Sixth Circuit Health Care Argument: Do Republican District Judges Stand Alone?

To date, no court of appeals has opined on whether the Affordable Care Act is constitutional, and the trial judges — “district judges” as they are known in the federal system — who have weighed in on the issue have all split along party lines. That pattern seemed almost certain to continue after today’s oral argument in the U.S. Court of Appeals for the Sixth Circuit. Because of excessive caseloads, district judges are occasionally asked to sit on appeals panels, and the district judge asked to hear today’s case — Reagan-appointed Judge James Graham — was the only member of the three-judge panel who seemed eager to strike down health reform.

Graham’s leaning is not surprising. He previously held on states rights grounds that state employers are immune to the Family Medical Leave Act, only to have the Supreme Court reject this view in an opinion by conservative Chief Justice William Rehnquist. What was surprising, however, is that Graham may be alone among the three judges in his apparently belief that the ACA is unconstitutional.

The panel’s senior member is Judge Boyce Martin, a Carter appointee who is more likely to ride a unicorn out of the courtroom than to accept the utterly meritless arguments against the ACA. Then the third panelist is Judge Jeffrey Sutton.

Sutton is one of the judiciary’s most conservative members and a former activist for state’s rights issues. He devoted much of his career to preventing people with disabilities, religious minorities, and even children who are illegally deprived of Medicaid coverage from holding states accountable in federal court, and he served as an officer in the conservative Federalist Society’s Federalism and Separation of Powers practice group. More recently, Judge Sutton was unanimously reversed by the Supreme Court for ignoring a binding precedent he argued and won before the justices in order to hand a potentially election-changing victory to the Ohio Republican Party.

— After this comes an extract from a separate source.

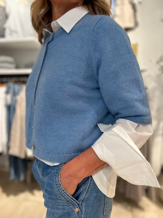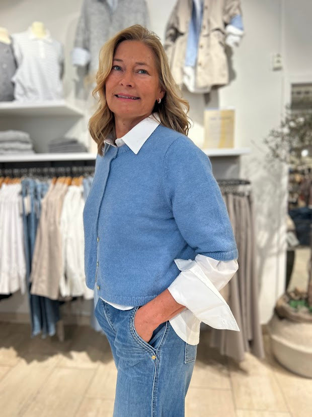 Herlig cardigan med halvlange ermer. Fin med en skjorte under, alene som en strikket topp, over kjoler osv. Den har full knappestolpe med pene knapper. Medium lengde og rett passform.

And yet Sutton seemed deeply torn between his own personal sympathy with the plaintiffs’ anti-health care arguments and the fact that there just isn’t any way to strike down this law under the Constitution or the Supreme Court’s precedents.

The plaintiffs’ sole claim is that the ACA’s provision requiring most Americans to either carry health insurance or pay slighty more income taxes violates the Constitution because that amounts to compelling people to buy a product, and compelling a purchase somehow is not allowed. Sutton called this argument “ingenious” and praised it as a rule that the “average American understands,” but he also doubted that such a rule — if it exists — should apply to health insurance. As Sutton pointed out, nearly everyone will need to buy health care at some point because they are sick or injured, and the costs can be catastrophic. So the ACA doesn’t require people to buy anything they won’t already purchase, it just nudges them to finance that purpose through health insurance rather than paying out of pocket.

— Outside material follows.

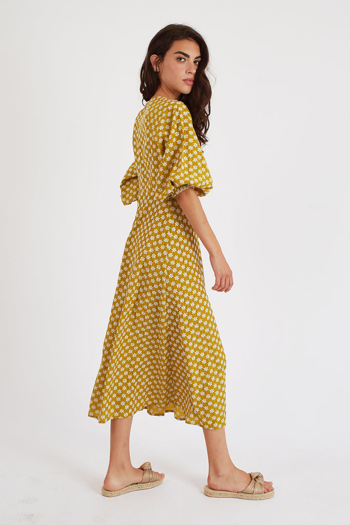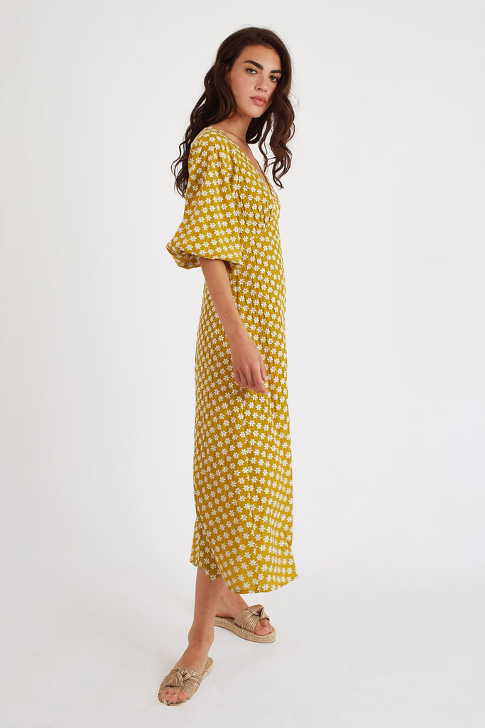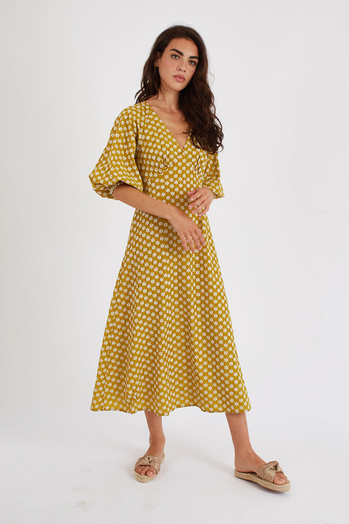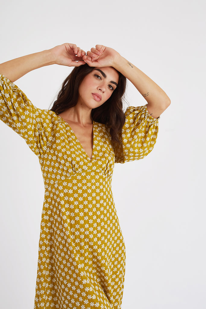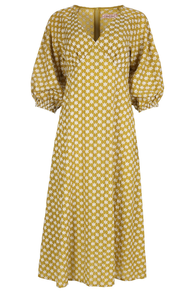 The Gloria is back and looks gorgeous in our The Chorus green and white floral. A stunning midi dress with a deep V-neck, gathering on the bust, beautiful 3/4 sleeves and elasticated cuffs. Keep it casual with some sandals and trainers, or dress it up with a pair of heels. Also available in Black. Made with sustainable materials. 100% Cotton.

On three separate occasions, Sutton floated a potential way to “split the baby” in this case. The Supreme Court allows two kinds of challenges to a law: “facial” challenges, that claim the law must be effectively striken from the books, and “as applied” challenges, which claim that the law cannot be applied to a particular person or entity. In order to bring a facial challenge, however, a party must show that “no set of circumstances exists under which the Act would be valid.

Because the case essentially comes down to whether a person who is not currently participating in the health care market can be made to enter it, Sutton repeatedly suggested that this kind of case cannot be resolved by a facial challenge. Many people currently are insured, or are currently receiving treatment, or are very likely to receive treatment in the imminent future. All of those people are in the health care market, and should be subject to regulation even under the plaintiffs’ legal theory. By contrast, a healthy, independently wealthy individual with no insurance might not presently be participating in the health care market, and so they might be able to bring an as-applied challenge claiming that the law cannot apply to them — and only them. Thus, the ACA would be constitutional for virtually everyone, and people in exceptionally rare circumstances would be immune.

Now let’s be clear. Sutton is a deeply conservative judge. He has a history of manipulating the law to benefit the GOP, and he had plenty of skeptical questions for the solicitor general today. The smart money is still against Sutton voting to uphold the law. Moreover, the panel strongly hinted prior to today that it might dismiss the case on procedural grounds and skip the merits altogether.


Nevertheless, the fact remains that one of the judiciary’s leading conservatives — and a judge with a long history of states’ rights activism to boot — seemed worried that the case against the ACA is riddled with holes. He may vote to strike the ACA down, but he’ll have to stretch the law beyond recognition to do so.